In the late 1970s, two main public domain geocoding platforms were in development: GRASS GIS and MOSS. The early 1980s saw the rise of many more commercial vendors of geocoding software, namely Intergraph, ESRI, CARIS, ERDAS, and MapInfo Corporation. These platforms merged the 1960s approach of separating spatial information with the approach of organizing this spatial information into database structures.
In 1986, Mapping Display and Analysis System (MIDAS) became the first desktop geocoding software, designed for the DOS operating system. Geocoding was elevated from the research department into the business world with the acquisition of MIDAS by MapInfo. MapInfo has since been acquired by Pitney Bowes, and has pioneered in merging geocoding with business intelligence; allowing location intelligence to provide solutions for the public and private sectors.
The end of the 20th century had seen geocoding become more user-oriented, especially via open-source GIS software. Mapping applications and geospatial data had become more accessible over the Internet.
Because the mail-out/mail-back technique was so successful in the 1980 Census, the U.S. Bureau of Census was able to put together a large geospatial database, using interpolated street geocoding. [6] This database – along with the Census' nationwide coverage of households – allowed for the birth of TIGER (Topologically Integrated Geographic Encoding and Referencing).

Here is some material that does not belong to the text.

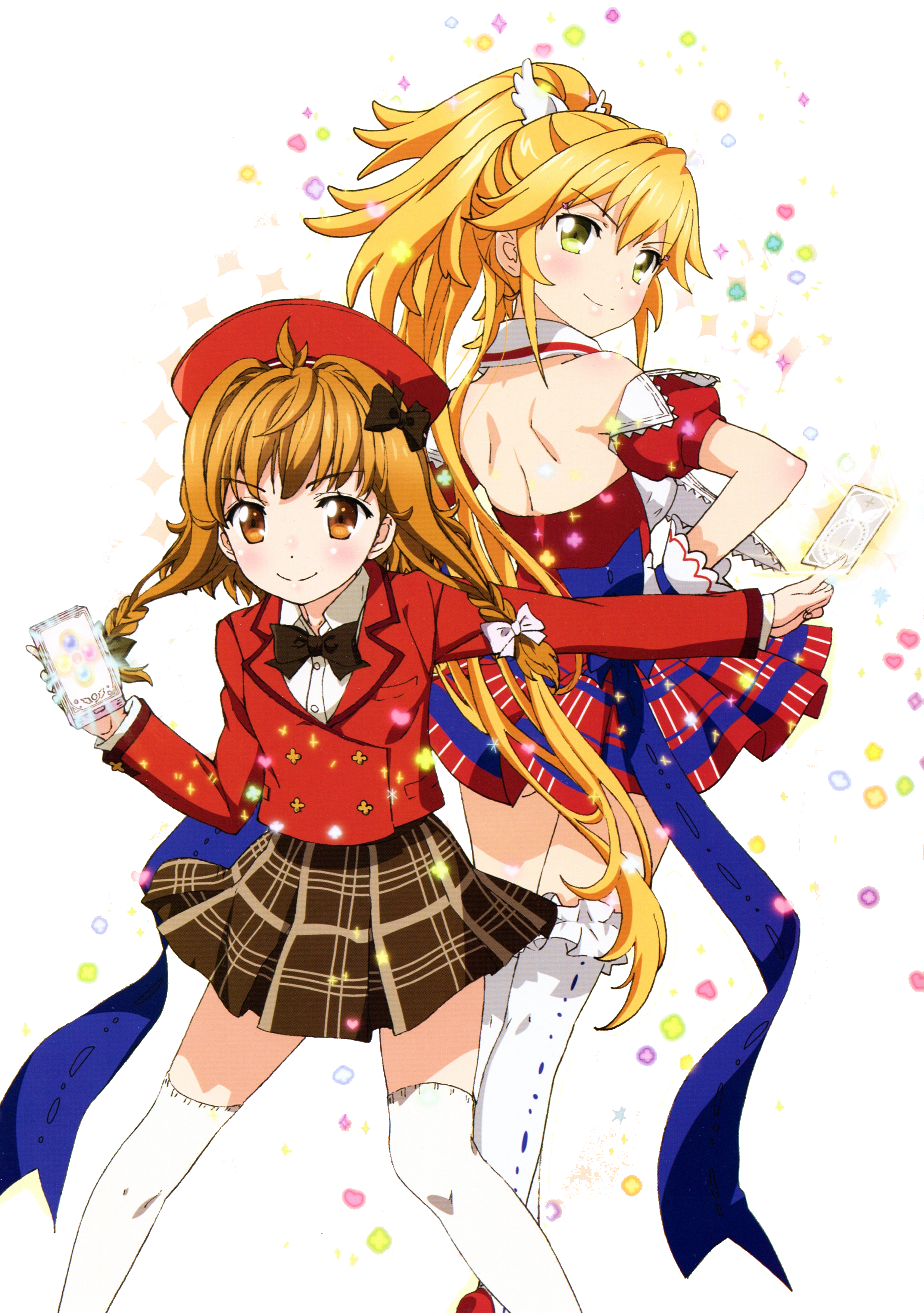 Description: Two anime girls with long blonde hair and red tops.

Containing address ranges instead of individual addresses, TIGER has since been implemented in nearly all geocoding software platforms used today. By the end of the 1990 Census, TIGER "contained a latitude/longitude-coordinate for more than 30 million feature intersections and endpoints and nearly 145 million feature 'shape' points that defined the more than 42 million feature segments that outlined more than 12 million polygons." [7]
TIGER was the breakthrough for "big data" geospatial solutions.
The early 2000s saw the rise of Coding Accuracy Support System (CASS) address standardization. The CASS certification is offered to all software vendors and advertising mailers who want the United States Postal Services (USPS) to assess the quality of their address-standardizing software. The annually renewed CASS certification is based on delivery point codes, ZIP codes, and ZIP+4 codes. Adoption of a CASS certified software by software vendors allows them to receive discounts in bulk mailing and shipping costs. They can benefit from increased accuracy and efficiency in those bulk mailings, after having a certified database. In the early 2000s, geocoding platforms were also able to support multiple datasets.
In 2003, geocoding platforms were capable of merging postal codes with street data, updated monthly. This process became known as "conflation".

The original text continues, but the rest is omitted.